# Thread: Uniform Continuity on an Interval

1. ## Uniform Continuity on an Interval

Show $\displaystyle f(x)=\frac{1}{x^2}$ is not uniformly continuous on $\displaystyle I=(0,\infty)$ .

2. Basically, it can't be uniformly continuous in that interval because the slope goes to (negative) infinity as x goes to zero.

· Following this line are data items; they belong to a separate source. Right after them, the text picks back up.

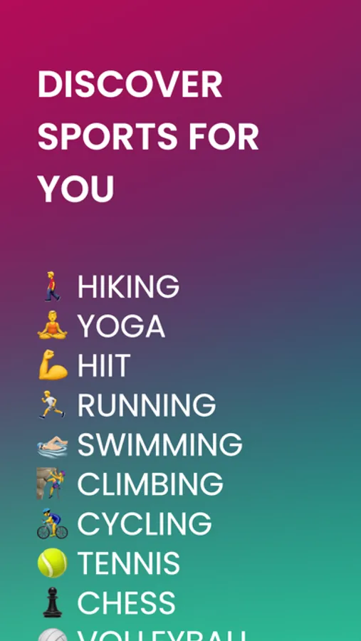• Say goodbye to endless searching and Hello to instant connections. Our app automatically matches you with fitness people based on location and preferred activities, so you can get moving right away!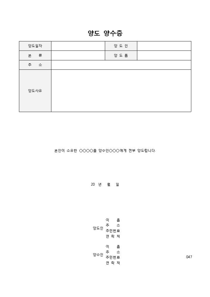 9,000원/월양도양수증 입니다. 양도인, 주소, 주민등록번호, 양도품으로 구성되었습니다. 양도하고자 하는 물품의 세부사항 및 양도사유 작성이 손쉬운 양식입니다.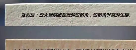 未被裁剪的纸币边和角都非常自然,裁剪后纸币的边和角非常生硬,纸币的角过于尖锐,尤其纸币的角没有“过度”,这种“过度”是永远无法模仿的。但纸币边、角的这种“过度”需要长时间的观察才能体会到其中的奥妙。如下图。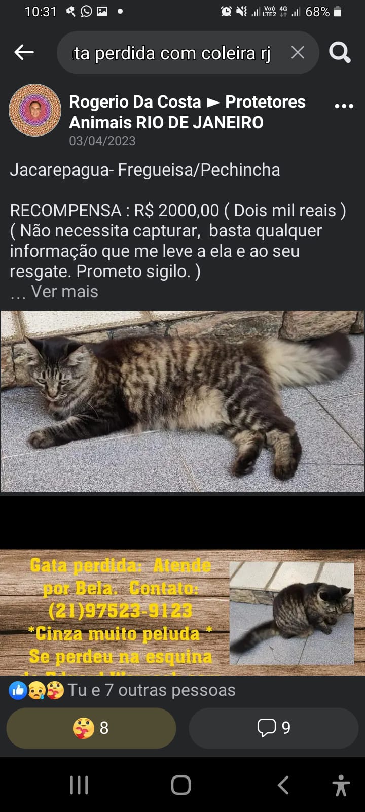 Foi no motor do carro até posto de gasolina próximo, na Av Geremario Dantas. Foi vista por último na garagem de prédio na estrada do Capenha 1147, e de lá pra não mais. Procuro todos os dias pela região, porém não posso garantir que tenha sido ela mesma que foi vista por lá, pode estar em qualquer outro lugar da região de jacarepagua/pechincha - Freguesia.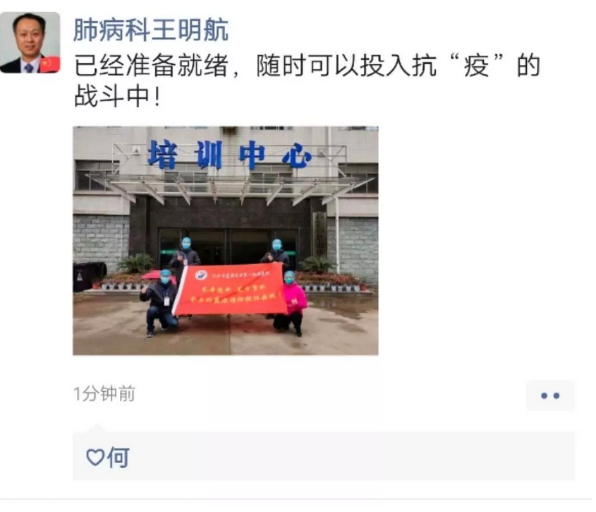 抵达现场的队员们纷纷给家里报平安,河南中医药大学第一附属医院王明航博士在朋友圈说,他们已经准备就绪,随时可以投入抗“疫”的战斗中!

To prove this rigorously, remember the definition of uniform continuity: for any $\displaystyle \epsilon>0$, there is a fixed $\displaystyle \delta$ such that $\displaystyle |x-y|<\delta$ implies $\displaystyle |\frac{1}{x^2}-\frac{1}{y^2}|< \epsilon$.

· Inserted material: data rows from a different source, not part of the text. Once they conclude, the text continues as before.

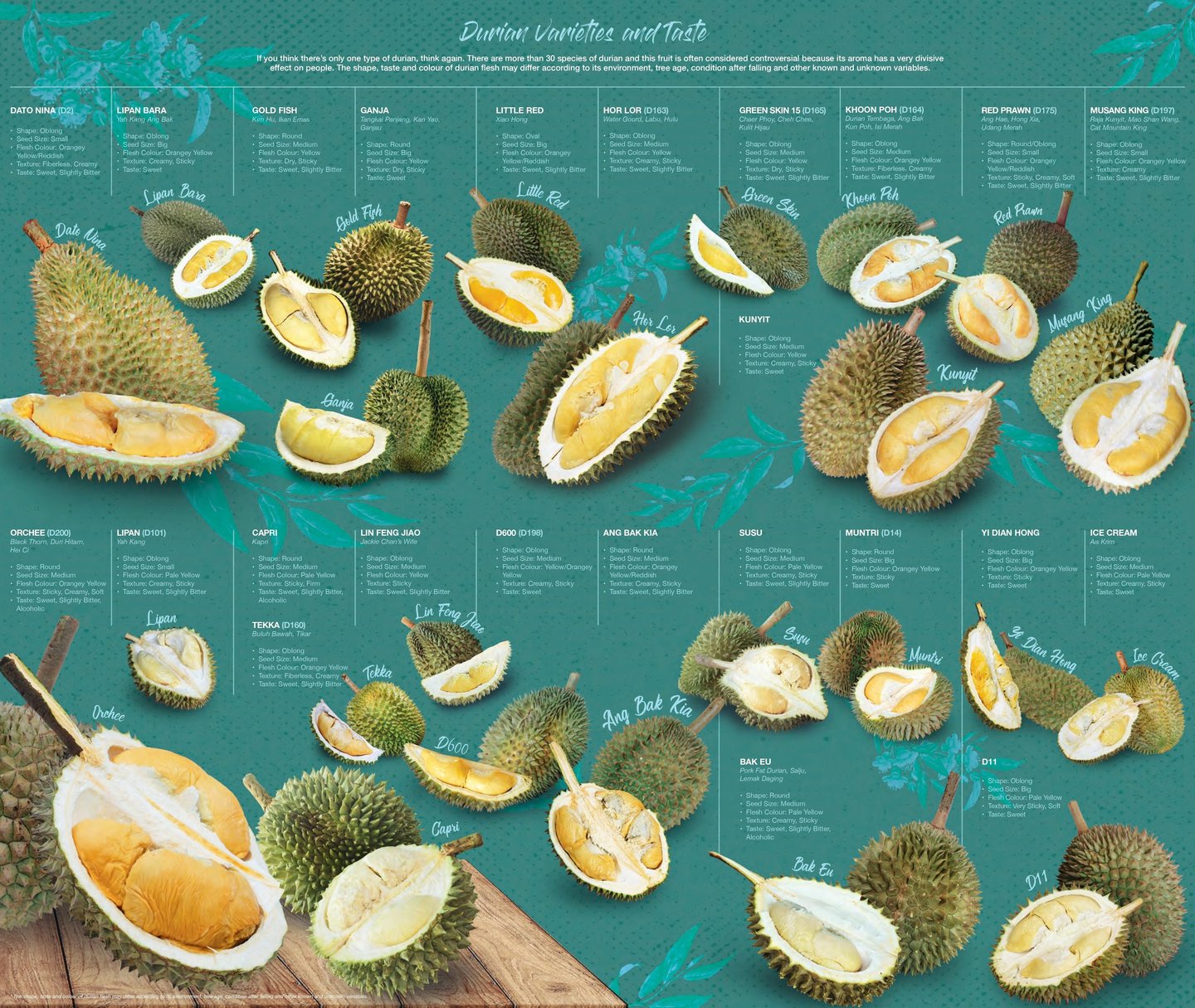 Durian, Malaysia’s crown jewel, is a fruit of many faces—each breed has its own unique shape, taste, and aroma.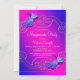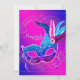 Belo convite de festas roxo e rosa-quente com bonito azul-lacre, rosa-quente roxo e máscara de pena azul-real em um lindo fundo azul-real e rosa-quente. Este elegante convite de festas roxo e azul-real e roxo é facilmente personalizado para o seu evento simplesmente adicionando detalhes do seu evento, estilo de fonte, tamanho de fonte e cor e texto. Esta é uma design impressa sem brilho real, penas, joias, etc.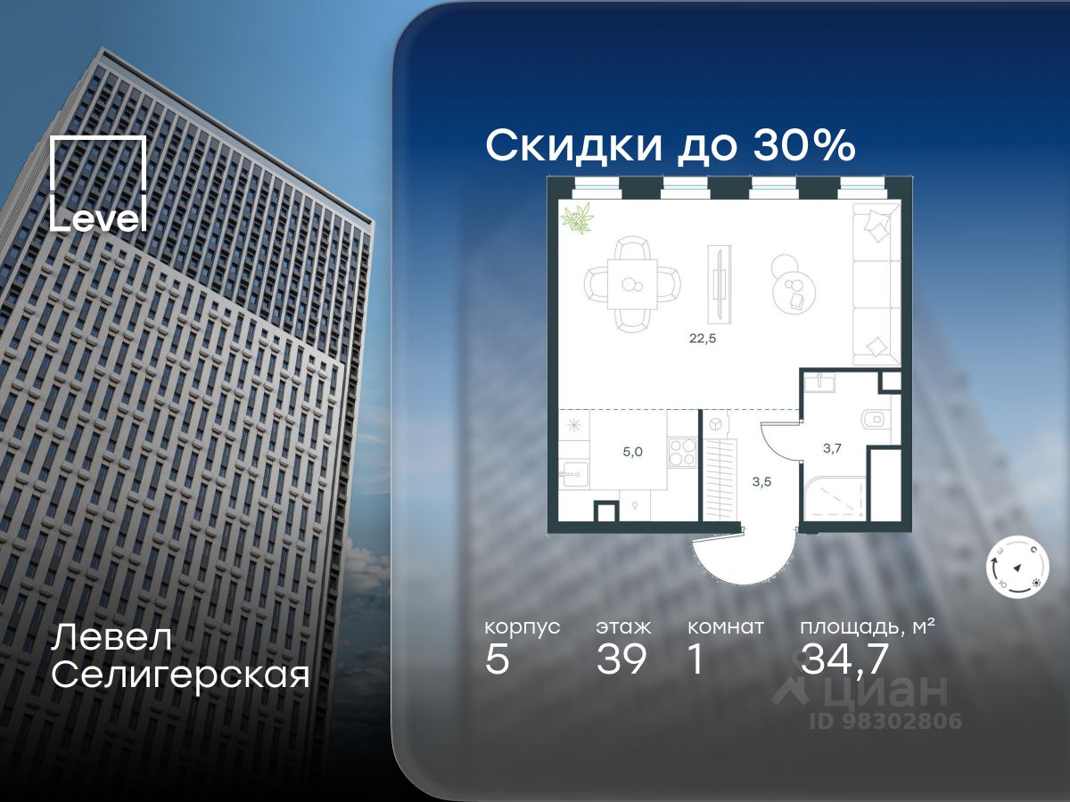 В жилом квартале, расположенном в южной части района Западное Дегунино, продаётся 1-комнатная квартира площадью 34.70 кв.м без отделки. Квартира расположена на 39 этаже 40-этажного корпуса 5 в жилом комплексе комфорт-класса Левел Селигерская (компания Level Group/Левел групп).

To show that it's not uniformly continuous, choose any epsilon, and show that for any fixed delta, $\displaystyle |\frac{1}{x^2}-\frac{1}{(x+\delta)^2}|$ goes to infinity as x goes to 0.

3. so to rigorously prove it can I just choose a delta like 0?

4. oh ok never mind that was a stupid question lol

the only thing I dont see is how to replace $\displaystyle y^2$ with $\displaystyle (x+ \delta)^2$

5. You can also use the fact that you can find a Cauchy sequence $\displaystyle (s_{n})\in (0,\infty )$ where $\displaystyle (f(s_{n}))$ is NOT Cauchy.

6. Originally Posted by frenchguy87
Show $\displaystyle f(x)=\frac{1}{x^2}$ is not uniformly continuous on $\displaystyle I=(0,\infty)$ .
There is a theorem concerning uniform continuity that says:

f is uniform continuous on its domain ,and in our case (0,$\displaystyle \infty$) iff for any pair of sequences on (0,$\displaystyle \infty$ {$\displaystyle x_{n}$},{$\displaystyle y_{n}$} we have:

$\displaystyle lim_{n\to\infty} |x_{n}-y_{n}| = 0\Longrightarrow$ $\displaystyle lim_{n\to\infty}|f(x_{n})-f(y_{n})| =0$

Hence to prove that :$\displaystyle \frac{1}{x^2}$ is not uniform continuous on (0,$\displaystyle \infty$) we must find a pair of sequences that:

$\displaystyle lim_{n\to\infty} |x_{n}-y_{n}| = 0$ ,and

$\displaystyle lim_{n\to\infty}|f(x_{n})-f(y_{n})|\neq 0$

So if we put :

$\displaystyle x_{n}=\frac{1}{\sqrt{n}}$ and

$\displaystyle y_{n} =\frac{2}{\sqrt{n}}$,then

$\displaystyle lim_{n\to\infty} |x_{n}-y_{n}| = 0$ and

$\displaystyle lim_{n\to\infty}|f(x_{n})-f(y_{n})|\neq 0$

7. Originally Posted by frenchguy87
Show $\displaystyle f(x)=\frac{1}{x^2}$ is not uniformly continuous on $\displaystyle I=(0,\infty)$ .
Notice that uniformly continuous functions preserve Cauchy sequences. Is $\displaystyle \frac{1}{\sqrt{n}}$ Cauchy? Is $\displaystyle n$?